Bernd Lindner, Partner bei Bearing Point, begrüßt ebenfalls die vorgesehene Einrichtung einer europäischen Behörde zum Kampf gegen Geldwäsche (Anti-Money-Laundering Authority, AMLA). Er erklärte in der Paneldebatte, es sei wichtig, dass diese EU-Behörde nicht nur für die Finanzinstitute zuständig sei, sondern gleichzeitig für Nichtbanken. Außerdem sollte die Frage, wer in Zukunft direkt von der AMLA überwacht werde, nicht von der Größe eines Instituts oder Unternehmens abhängig gemacht werden, sondern vom Risiko.

Auch Lindner wünscht sich im Kampf gegen Geldwäsche mehr Offenheit aller Beteiligten gegenüber neuen Technologien. Allzu oft würden Finanzdienstleister durch Vorgaben noch daran gehindert, moderne technische Möglichkeiten zu nutzen.

Die Einrichtung der einheitlichen Geldwäschebehörde in der Europäischen Union werde im Übrigen auch in Liechtenstein aufmerksam wahrgenommen, signalisierte Clara Guerra, Vizedirektorin für Finanzmarkt und Innovation der Regierung des Fürstentums. „Liechtenstein ist schließlich keine Insel, sondern Teil des Europäischen Wirtschaftsraums.“ Sie begrüßte die Europäisierung, nachdem Geldwäschebekämpfung lange Zeit vor allem eine nationale Angelegenheit gewesen ist. Wichtig sei, dass das künftige europäische Regelwerk „dynamische Anpassungen“ erlaube, da sich die Herausforderungen ständig änderten.

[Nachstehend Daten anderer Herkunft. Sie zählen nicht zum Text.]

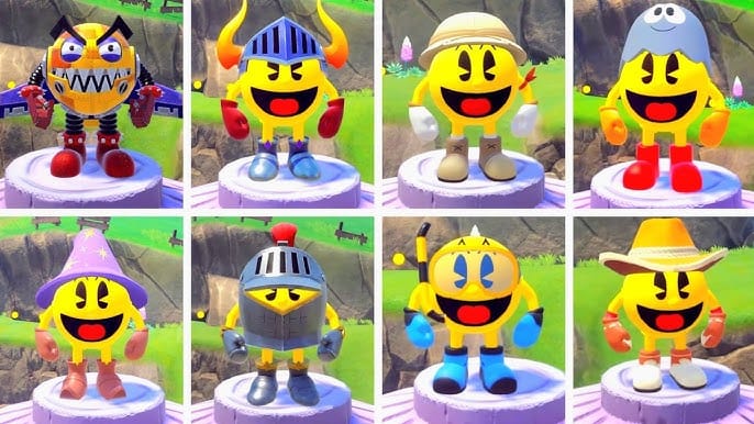 O remake expande áreas originais com caminhos opcionais, colecionáveis como frutas douradas e missões secundárias, como resgatar amigos de Pac-Village, que desbloqueiam upgrades e repovoam o hub central (Além disso você ganha roupinhas iradas também).
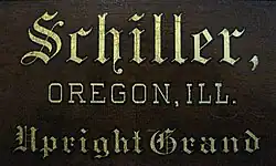 The Schiller Piano Company was founded around 1890 at the northwest corner of Oregon's Second and Washington Streets.[2] Its creation was financed by Oregon resident F.G. Jones. The first president of the company, Jones was not active in the company's management until 1895 when he reportedly left his well-established mercantile business to take an active position at the piano company as general manager and president of the factory. Sources conflict as to whether Jones actually left his mercantile interests behind, which included work as the president of the Oregon Electric Light and Power Company and Oregon Machine and Foundry. In addition the Schiller Company owned an interest in the Power Company and two Jones sons, George H. and Edgar B., held management positions with the firm.[2]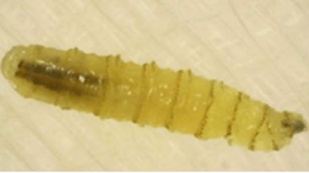 estadio larval, conocido como gusano barrenador del ganado, es un parásito que se sitúa en los tejidos de animales de sangre caliente, incluyendo al ser humano.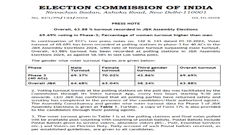 Jammu-Kashmir Election : हाल ही में संपन्न हुए जम्मू-कश्मीर विधानसभा चुनावों के नतीजे 8 अक्टूबर को आएंगे। वहीँ गुरुवार को चुनाव आयोग ने चुनाव को लेकर हुए मतदान के आंकड़े जारी कर दिए हैं। आयोग के मुताबिक, विधानसभा चुनाव के तीनों चरणों में कुल 63.88 प्रतिशत मतदान रिकॉर्ड किया गया। अंतिम और तीसरे चरण की वोटिंग में 69.69 प्रतिशत मतदान हुआ।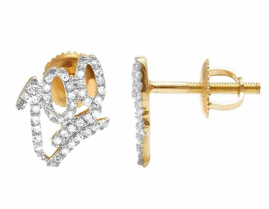 1.4ct Round Cut VVS1 Diamond 100 Logo Stud Earrings Women 14k Yellow Gold Finish

Guerra verwies darauf, dass, was die Regulierung von Blockchain-Technologie und die Tokenisierung angeht, Liechtenstein bereits einen Schritt vorausgegangen sei. Der Einsatz der Blockchain trage mehr zu Lösungen bei der Bekämpfung von Geldwäsche bei, als dass er zusätzliche Probleme schaffe, zeigte sich Guerra überzeugt.

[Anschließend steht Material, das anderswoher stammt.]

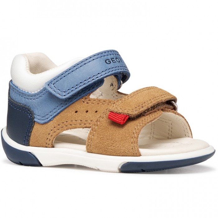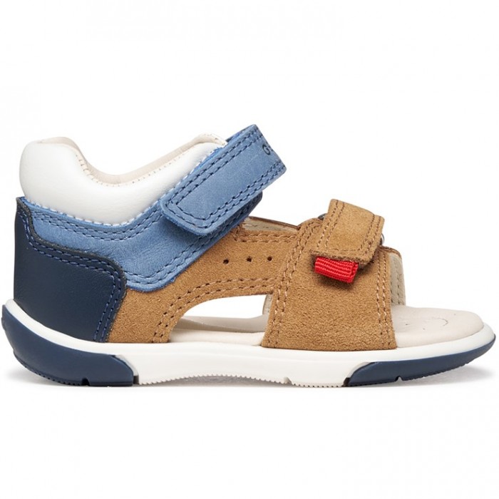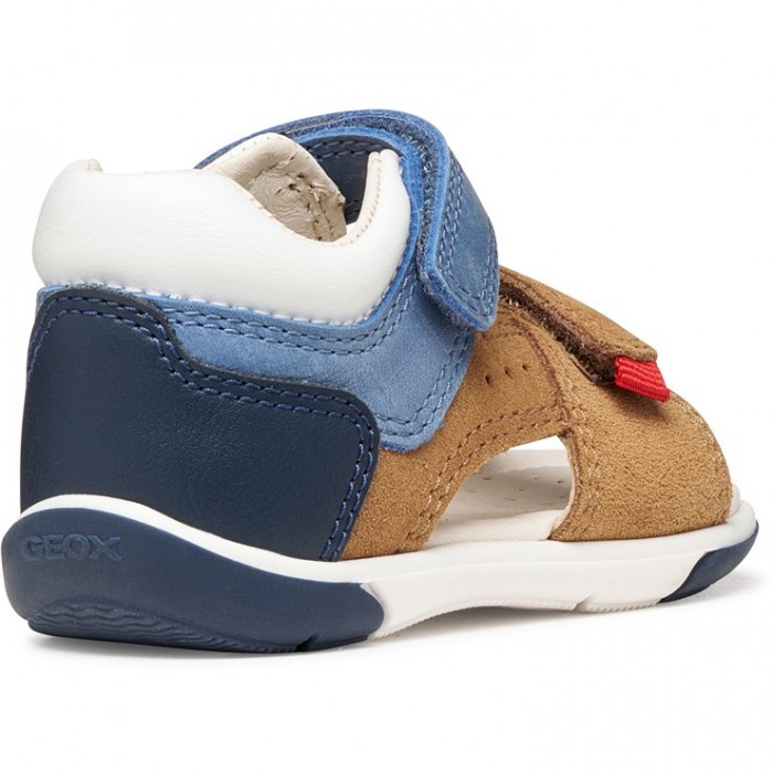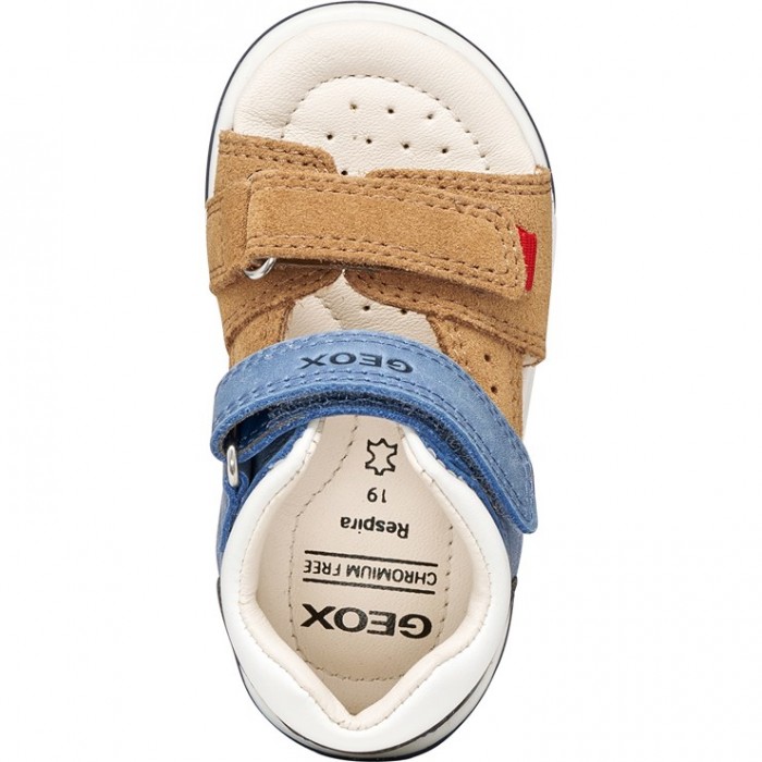 Πέδιλο GEOX καφέ χρώμα με λεπτομέρειες σε λευκό και σιέλ χρώμα.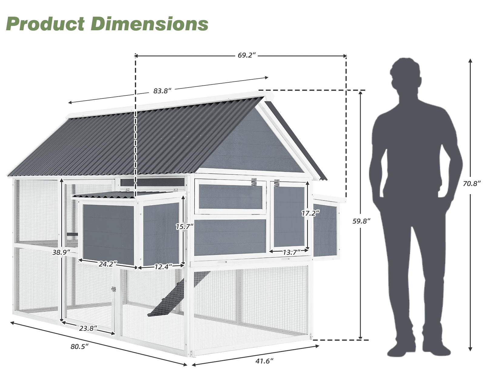 - π Spacious & Practical Measuring about 84β long, 69β wide, and 60β tall, this coop is designed with plenty of space and easy access in mind, making life easier for both you and your chickens.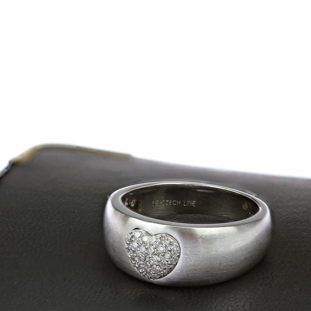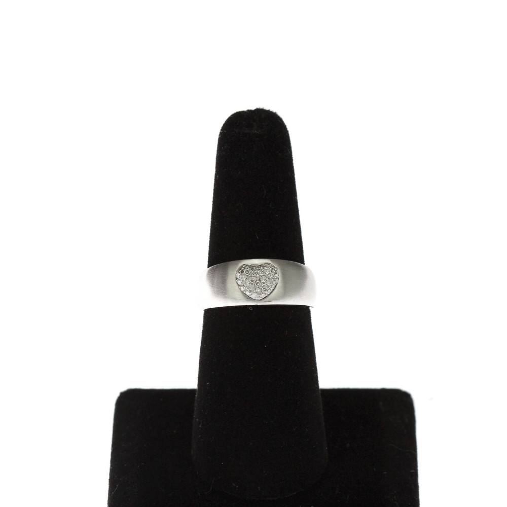 Ring made of white 18k gold, matt finish. In the centre is a raised heart motif set with natural round cut diamonds 30 × 0.005 ct (total 0.15 ct). The diamonds range in colour from G-H and achieve VS clarity.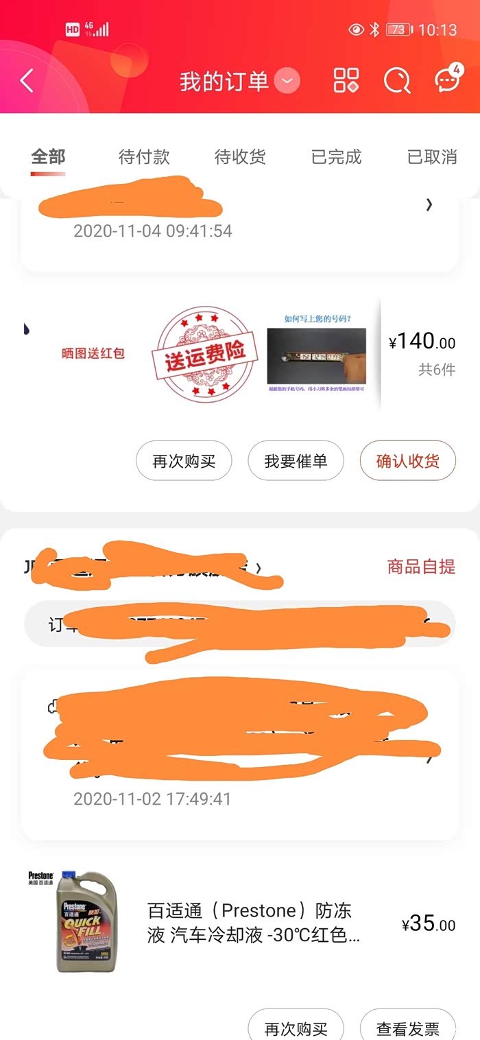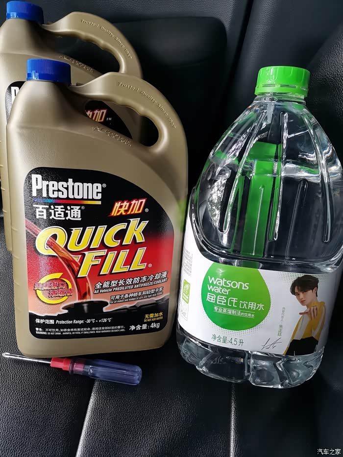14万公里了,除了前年换上水管补加过点,一直都没换过防冻液。最近天凉又赶上双十一,于是某东买了点货自己搞,有兴趣的朋友也可以试一下。

Nach ihrer Bewertung vollzieht die EU mit der Kryptomärkte-Richtlinie (Mica) nun die Mindeststandards und Aufsichtsanforderungen nach, bleibe aber an anderen Stellen, etwa der zivilrechtlichen Einbeziehung von Token, noch hinter den Regeln in Liechtenstein zurück. Auch Guerra erkennt noch Potenzial bei Aufsichtsbehörden, was die Anerkennung moderner Technologien zur Bekämpfung von Finanzkriminalität betrifft. Oft bremsten Behördenpraxis und Kultur die Akzeptanz innovativer Instrumente.